I used to sing along to Alanis Morissette at the top of my lungs when I felt like screaming, and I felt like screaming a lot in my 20s. It was the unhappiest period of my life. I had my mom, but even she was depressive. I always felt helpless when I saw her cry because there was really nothing I could to make her feel better.
My mom was much happier before she had to retire (she was forced to; her post was abolished) but she always found things to keep herself busy after: she started and ran a tiny corner store out of our house (she loved selling candies to little kids), and taught English at a language school and privately at home. I often overheard her brag to her pupils about how good my English was, how good I was with computers, and how my good English and computer skills helped me get good jobs. She was such a mom. But then my dad had to retire too and things changed for the worse.
The only time my mom could be herself was when my dad went out of town. She would hum some oldies songs, make silly mom jokes, and just seem so relaxed and happy. I loved when my mom was happy. It made me happy. But my dad wasn’t away very often ever since he retired because, unlike my mom, he was fine with not doing much. I very rarely saw my mom happy since.

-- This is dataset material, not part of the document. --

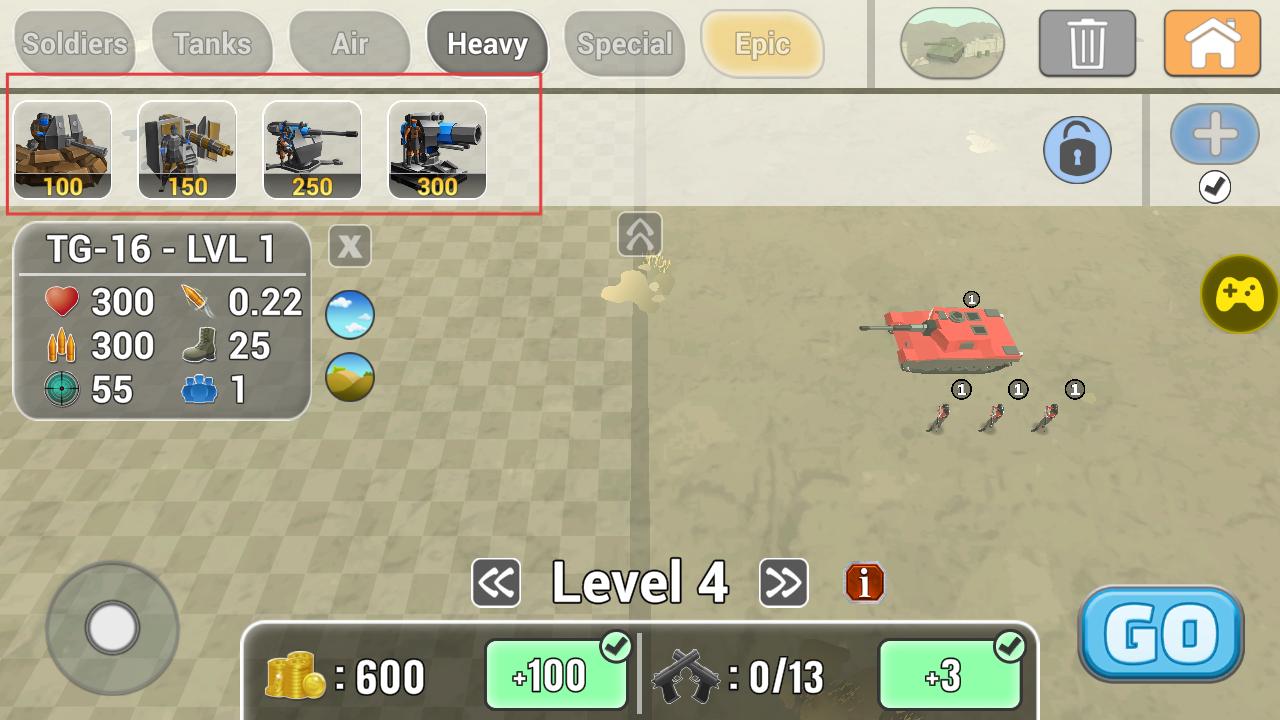 2、进入Level4战场设置界面,拖动重型装备、飞机、装甲车到指定部署区域,调整各兵种的进攻路线,优化战术布局。
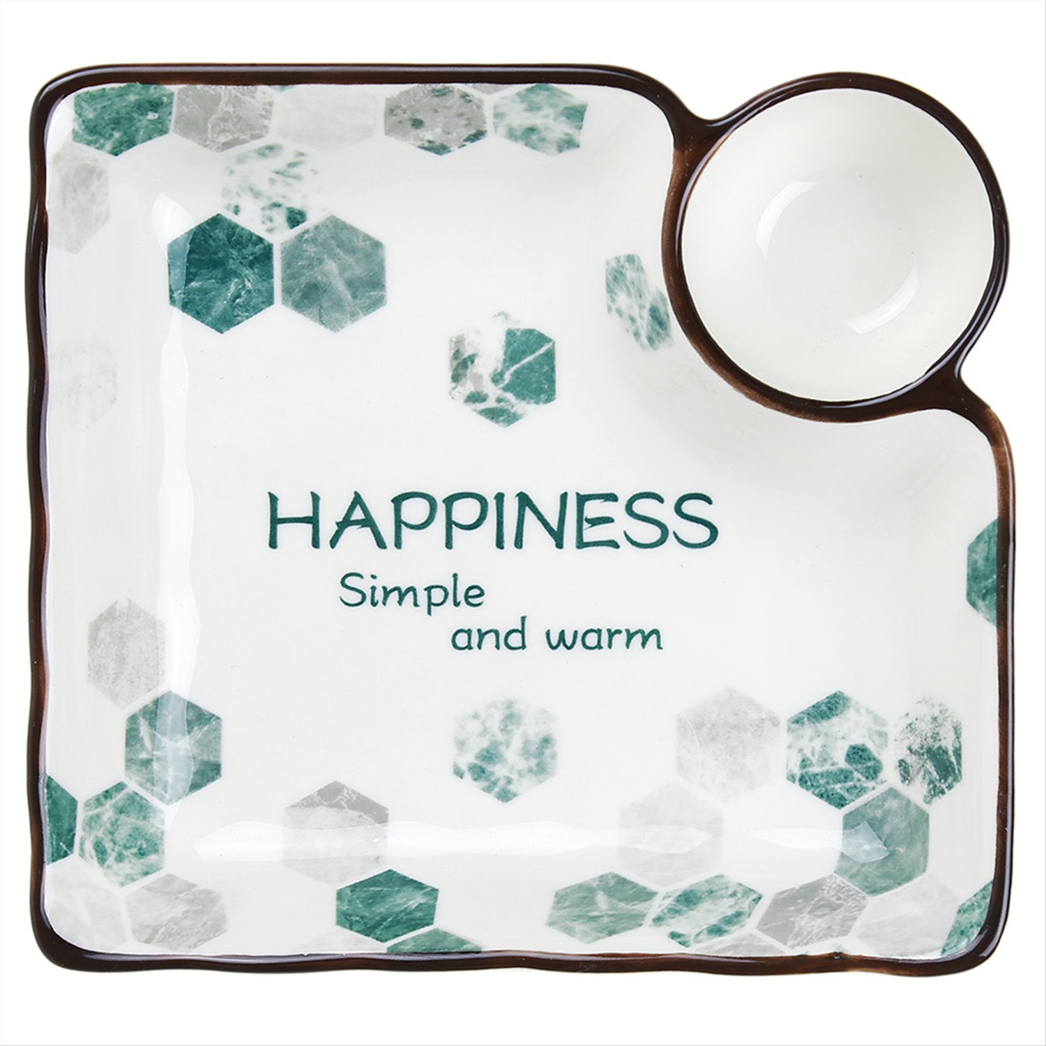 "Счастье" Блюдо фарфоровое 173х163х35мм, с соусником, с деколью, волнистый край, отводка (Китай)

Alanis Morissette’s “Heart of the House” describes the kind of relationship I had with my mom perfectly. It could’ve been our anthem. We were each other’s buddy and ally, and my mom was undoubtedly the heart of the house. After she died, our house no longer felt like home. It was just a house full of pain and sadness that I had to escape at all costs, dead or alive.
Carly Simon’s “Like A River” helped me deal with losing my mom a little bit. It is comforting to think of her death as her being “already home, making it nice for when I come, like the way I find my bed turned down coming in from a late night out” because she used to do exactly that.
I sure do find comfort in the most obscure songs.